The estimated carbon stocks in the predicted peat-forming ecosystems were 3.88 ± 0.12 Pg C, taking into account both peat and biomass. Over 1990–2018, an area of disturbance of 535,423 ± 8419 ha was observed, with most of it being degraded (85%). The estimated carbon emissions from disturbance amounted to 31.5 ± 3.5 Tg C over 1990–2018, with the rate of degradation increasing from 15,424 ± 391 ha per year in 1990–2007 to 17,653 ± 456 ha per year in 2007–2018, and the rate of deforestation more than doubling from 1933 ± 34 ha per year to 4197 ± 97 ha per year. Geographically, the Pastaza-Marañón area saw a 32% increase in the rate of degradation, while the Pacaya-Samiria National Reserve saw a drop of 37% (Fig. 9). The rate of deforestation increased everywhere except for the Ucayali area. The emissions over 1990–2018 were more than double Peru’s carbon emissions in 2021 from burning fossil fuels and industry, highlighting the importance of accounting for emissions resulting from peatland disturbance.
Australia
Peatlands cover approximately 2.3 Mha in Australia, with Tasmania accounting for almost 80% of them. Peatlands on the mainland are not extensive, and therefore, they do not appear on soil maps, making it difficult to estimate their exact extent. Based on the Australian Soil Classification system, mainland Australia has an estimated 150,000 hectares of Organosols. This number increases to around 482,000 hectares when including peat areas from various mapping sources and scales.

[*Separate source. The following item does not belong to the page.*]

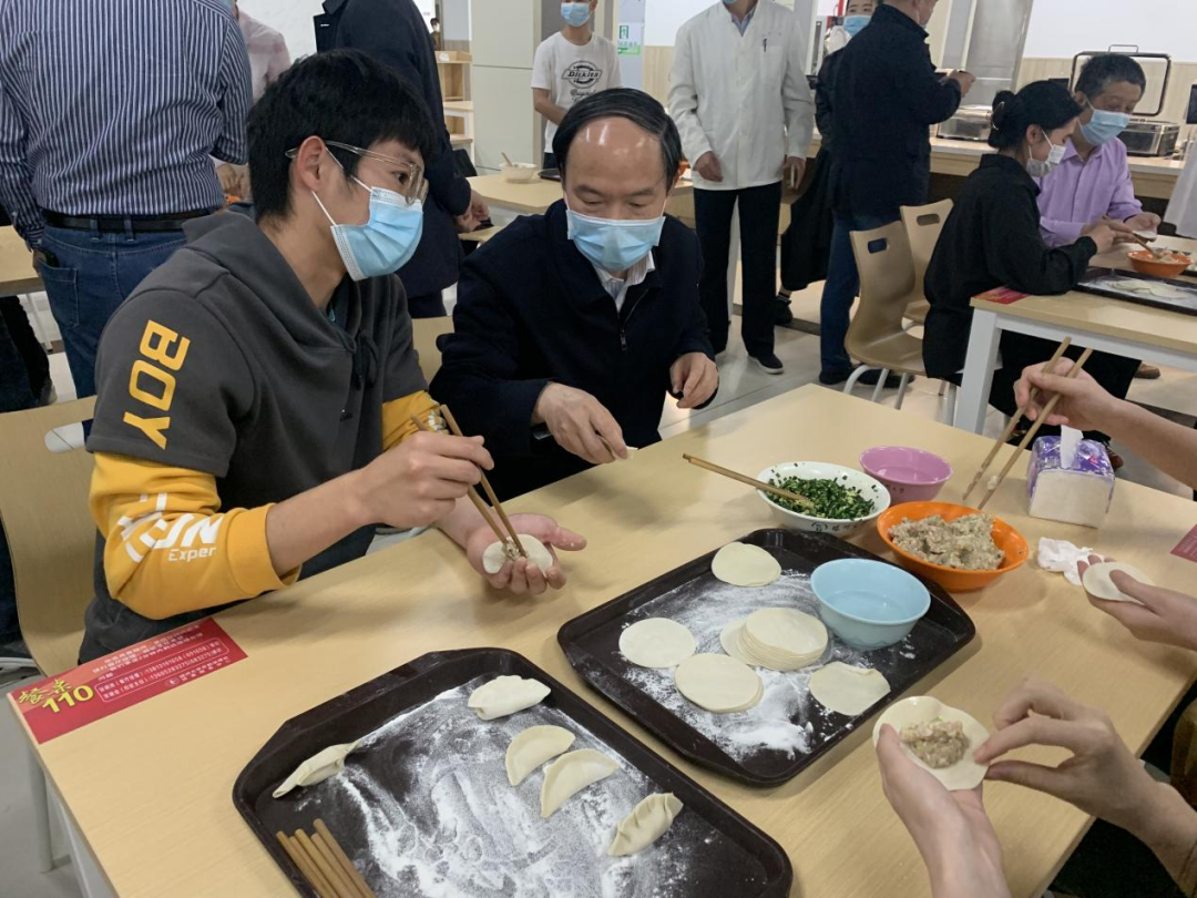 校党委书记焦新安、副校长陈国宏与同学们一共包饺子,活动间亲切与学生们交流,并与同学们亲切交流,“家里面是哪里的?”“生活上有遇到什么困难吗?”“口罩等防疫物资够吗?”等了解学生学习、生活情况,送去学校的亲切问候。同学们纷纷表示,学校的疫情防控工作做得十分扎实,校园文化生活丰富多彩,特殊时期感谢学校领导关怀。焦书记寄语同学:艰苦自立精神的培养也与辛勤劳动密不可分。作为扬大学子,应当勤勉刻苦、务实笃行,以劳动为荣,培养劳动意识,提高劳动能力,在人生奋斗路上挥洒青春的汗水。

Most of the alpine and sub-alpine peatlands in Australia are protected in national parks or state forests. Despite this protection, fires on peatlands are frequent, and the catastrophic bushfires of 2019–2020 burned 17 million hectares of land across the continent. In response, the Australian Government commissioned an independent ecological assessment to determine the sensitivity and exposure of vulnerable ecosystems to multiple fire-related threats. In Tasmania, there is an effort to create high-resolution digital soil maps, and peatland maps have been created to aid fire management and improve understanding of the extent of the organic soil resource.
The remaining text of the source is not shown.